After Scream (1996) made a killing at the box office, as well as won over critics and audiences, a lot of folks in the movie biz thought they could do the same thing (and yield similar results). That thing, of course, being a slasher. Most of these opportunists wound up being pretty straightforward; they were low on humor or commentary. Yet others, like Scary Movie (2000), saw the potential for spoofing Scream, and acted on that impulse with both haste and excitement.

A few months after the Wayans’ comedy first hit theaters, Shriek If You Know What I Did Last Friday the 13th landed on the USA Network, as part of the channel’s “Shriek Week” programming. That straight-to-cable (then home video) destination is possibly why many people still don’t know about this one. Or they simply chose to forget. Whatever the reason, only one of these two horror parodies came out on top—and it’s certainly not the movie where Coolio channeled Prince, and Tom Arnold saved the day.
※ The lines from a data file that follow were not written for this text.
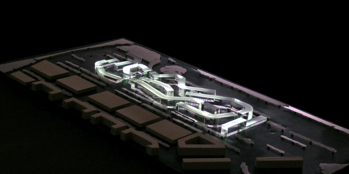 Se trata en definitiva de crear un conjunto a modo de icono urbano para el nuevo Madrid. Un icono urbano de gran escala, foco de referencia desde el intercambiador, que sintetice una manera de entender la ciudad contemporánea. Su definición se basa en el empleo de trazos o caligrafías como si de fibras se tratara, mediante el empleo de crujías continuas de 25 m. de carácter polifuncional con vacíos centrales: no hay que olvidar que las caligrafías, entre lo figurativo y lo esencial, tienen la virtualidad de reconstruir conceptos complejos a través de logotipos de empleo afortunado.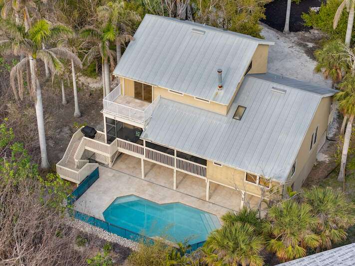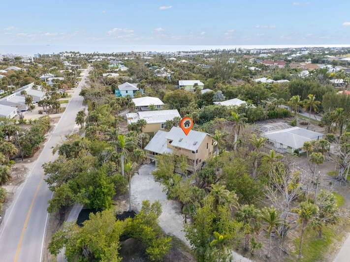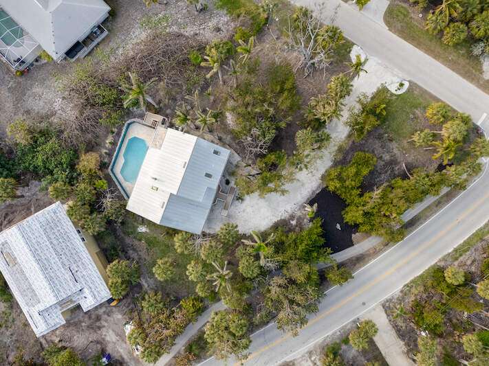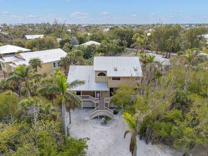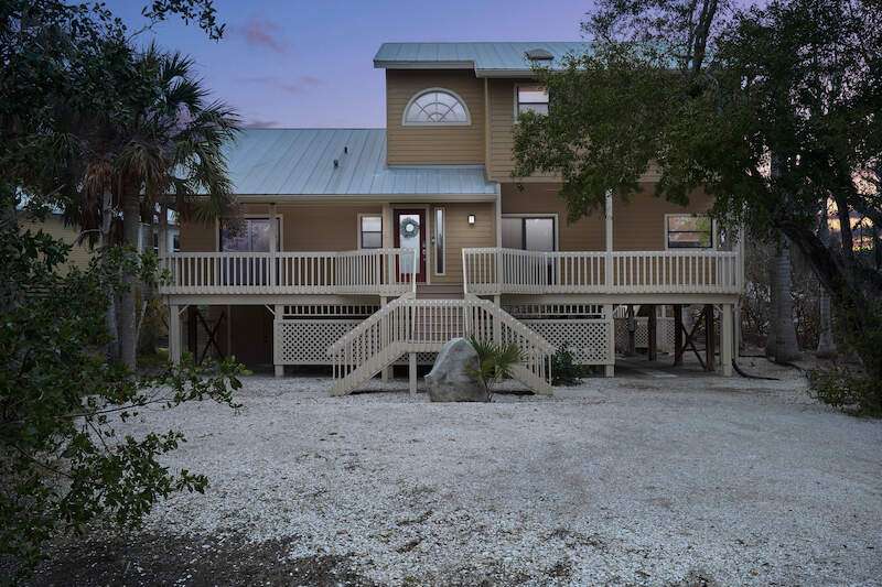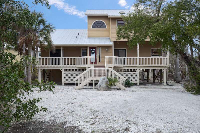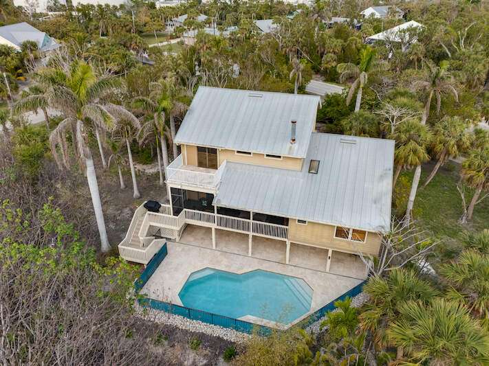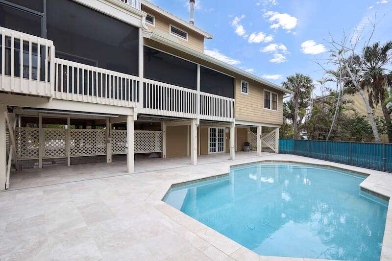 Great property and motivated seller! This home sits on over a one half acre corner lot and is elevated with no known damage from flooding to the living areas! Just TWO BLOCKS from the closest private residence beach and sitting adjacent to the bike path, this property would be a perfect seasonal home or fantastic rental. The home boasts two primary bedrooms with ensuites---one on each floor, an additional two guest bedrooms and a total of three baths on the living levels. The upper level primary bedroom also has a large open observation deck. Additionally, the upper level primary bath is an exceptional design feature of the home with detailed agate design tile on the floor and surrounding the upscale bathtub and shower. This bath also includes modern, streamlined cabinetry, specialty lighting and a walk-in closet. The chef's kitchen on the first floor continues the earthy theme with beautiful, bold stone countertops and custom cabinetry. Entertaining spaces abound from the welcoming living room with cathedral ceilings and clerestory windows to the large screened porch accessed through glass sliders all along the rear of the home. Note that the newly resurfaced concrete inground pool and deck may be seen from many rooms in the home and the entire outdoor area has ample space for entertaining.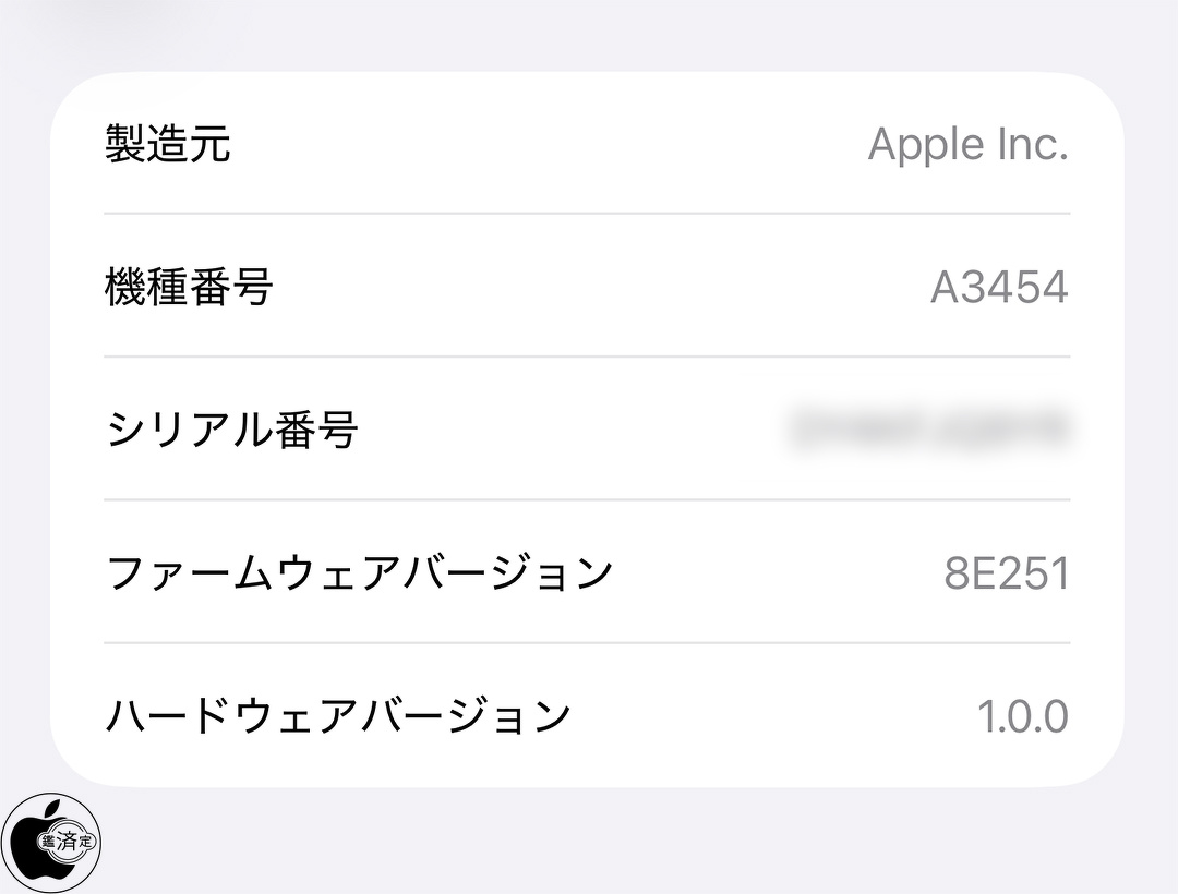 ファームウェアバージョンを確認するには、iOSの設定>AirPodsシリーズで確認できます。

Shriek If You Know What I Did Last Friday the 13th previously went by the name of I Know What You Screamed Last Semester. That Trimark acquisition then settled on a wordier title, just so it could avoid the litigious wrath of Miramax Films. Folks may or may not remember that Columbia Pictures was sued over the “implied connection” between I Know What You Did Last Summer (1997) and Scream. So, yeah, there was no way that this competing Scream parody wasn’t going to be kept on a tight rein.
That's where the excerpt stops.